Affiliate Summit West is Coming to Town

I’ve been thinking a lot lately about what direction my career is headed in and whether I’m happy with that. At the moment, I have a kind of split career. In one career, I teach college students about important stuff like race, class, gender, and culture. In the other career, I write for several websites and other outlets, including some commercial writing. Both make me happy while I’m doing them, and both are incredibly rewarding.

But I’m stalled in teaching. I’ve made some great big financial mistakes that mean I’m probably never going to get my PhD; nobody at my university even knows who I am anymore. I’ve chugged along at my dissertation for years, but for the last year or so it’s gotten harder and harder to motivate myself to work on it because, to be honest, neither my heart nor my soul is in it any more.

That should be sad, but it’s not, because I don’t think I ever really wanted to be a professor; I think I’ve always wanted to be a teacher. What’s the difference, you ask? Well, a professor does research, writes books, gives presentations — and occasionally, when everything else is done, teaches a class. A teacher, on the other hand, teaches — whether in a classroom, on a website, in a book, whatever.

The reality of the academic market is, I’m not going to be a professor at a “top school”, even with a PhD, because I care too much about teaching. Which is fine, except I have a family to feed and a life to live, and I can’t do that on an adjunct’s salary.

In my other career, I’m a writer. I’m pretty good at it, I think — I’ve gotten my fair share of diggs and trackbacks and thankful comments on my writing on the web, and my off-line writing gets a pretty good response. At lifehack.org alone, I have upwards of a million readers a month. And I have a good understanding of the marketing and relationship-building strategies that matter for writers in the new media. More and more I think this is where I should be focusing my efforts.

Especially since BlogWorld Expo in November. There I saw an entire professional world unfolding before my eyes, and a little glimpse of what the future holds. I mean, I’ve been blogging since 2000, but it wasn’t until BlogWorld that I really saw that one could build a career on the Internet without being a coder or a designer.

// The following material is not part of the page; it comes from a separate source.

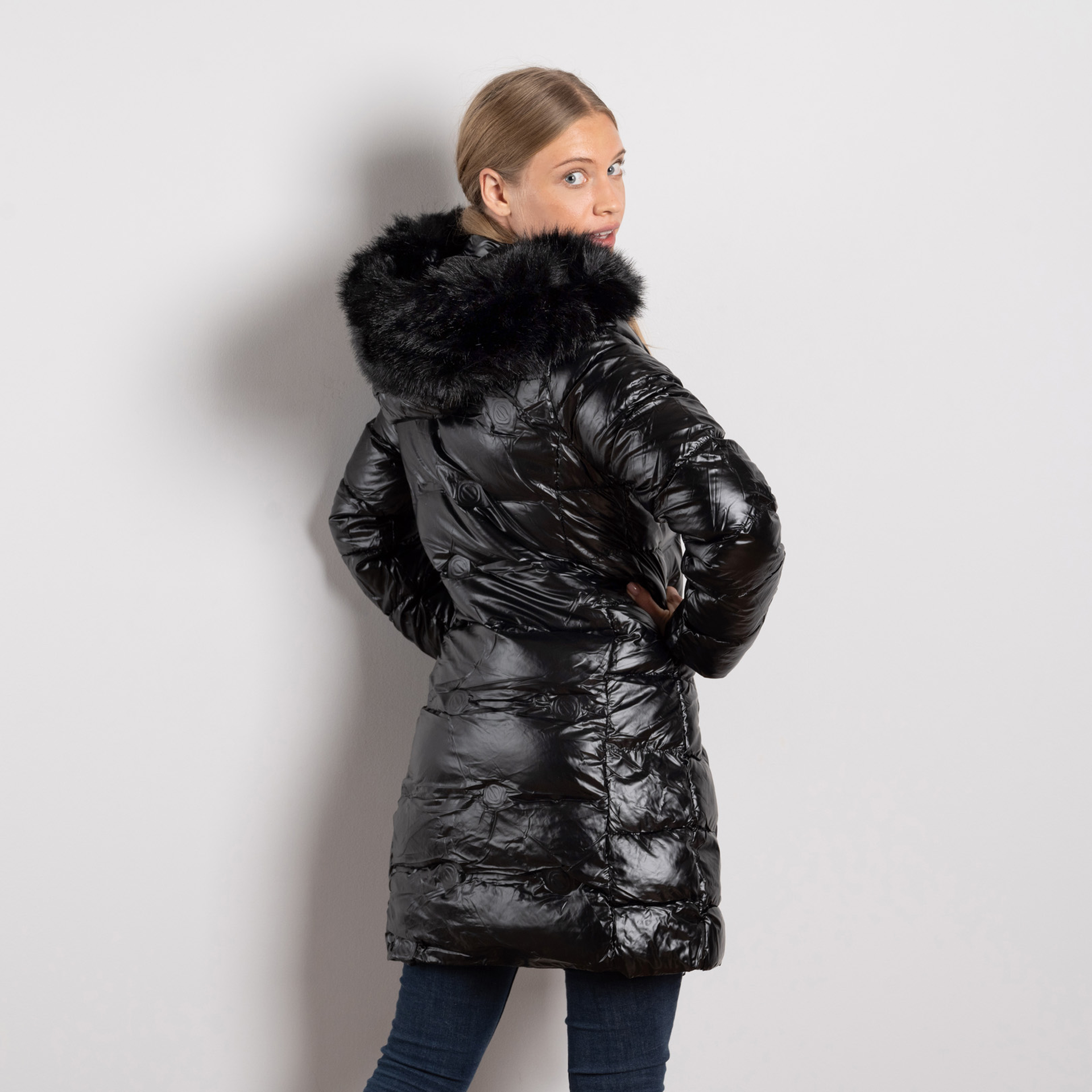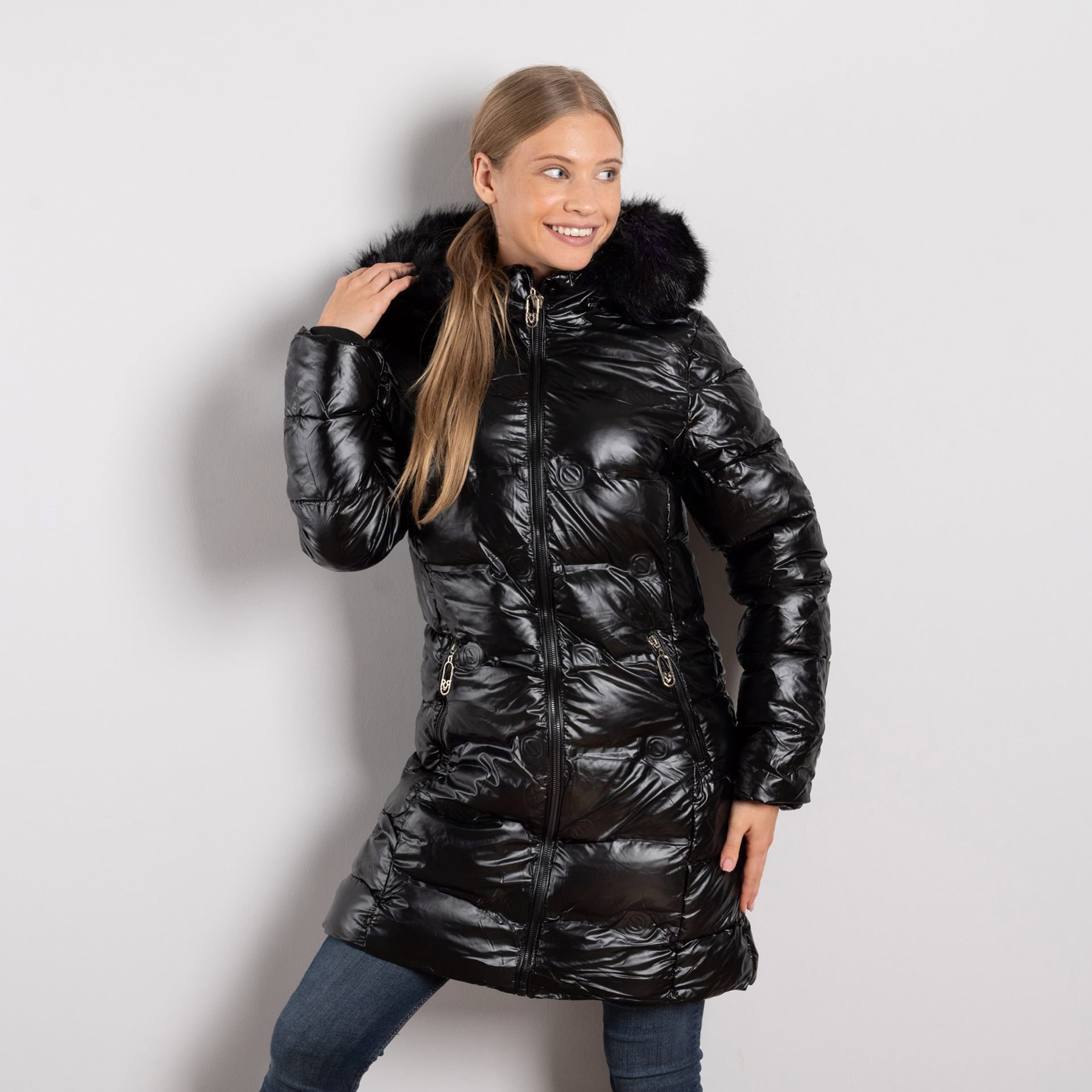 Дамско дълго ватирано зимно яке в цвят черно с махаща се качулка и пух – модел Sдо2XL

So now Affiliate Summit West is heading to town. That’s one of the nice things about living in Las Vegas — conferences come right to your doorstep! Of course, the downside is, you need a lot of money to go to them — Affiliate Summit is $1449 for the whole conference, and a couple hundred just to have a look around.

But John Chow is giving away a free full pass and a couple of free floor passes, so all of a sudden it’s worth thinking about going. I have to admit, I have a really hard time wrapping my head around affiliate marketing. Not the concept itself, which is pretty straightforward — you link to products your audience would enjoy, and if they click through and spend money, you get a piece. But few sites do this well, and from the outside, doing it well seems to be such a large job that it would eclipse the actual writing that’s supposed to be the star of the show.

I’ve made a goal for this year: By the fall semester, I plan to cut my teaching load in half. And I plan to do that not just by replacing the pay those classes bring in but by doubling it. That means, effectively, I have to hit $25000 in non-teaching income by September, which is very doable. (I’ve already accounted for about 1/3 of that with existing work, actually).

Which means that the time is now to figure out how this stuff all works — affiliate marketing, social networking, contextual advertising, all of it. If I want to write for a living, I have to figure out how to live by writing. BlogWorld was a step in the right direction — it gave me a real big push towards bringing this all together. Something like Affiliate Summit West would be a great next step!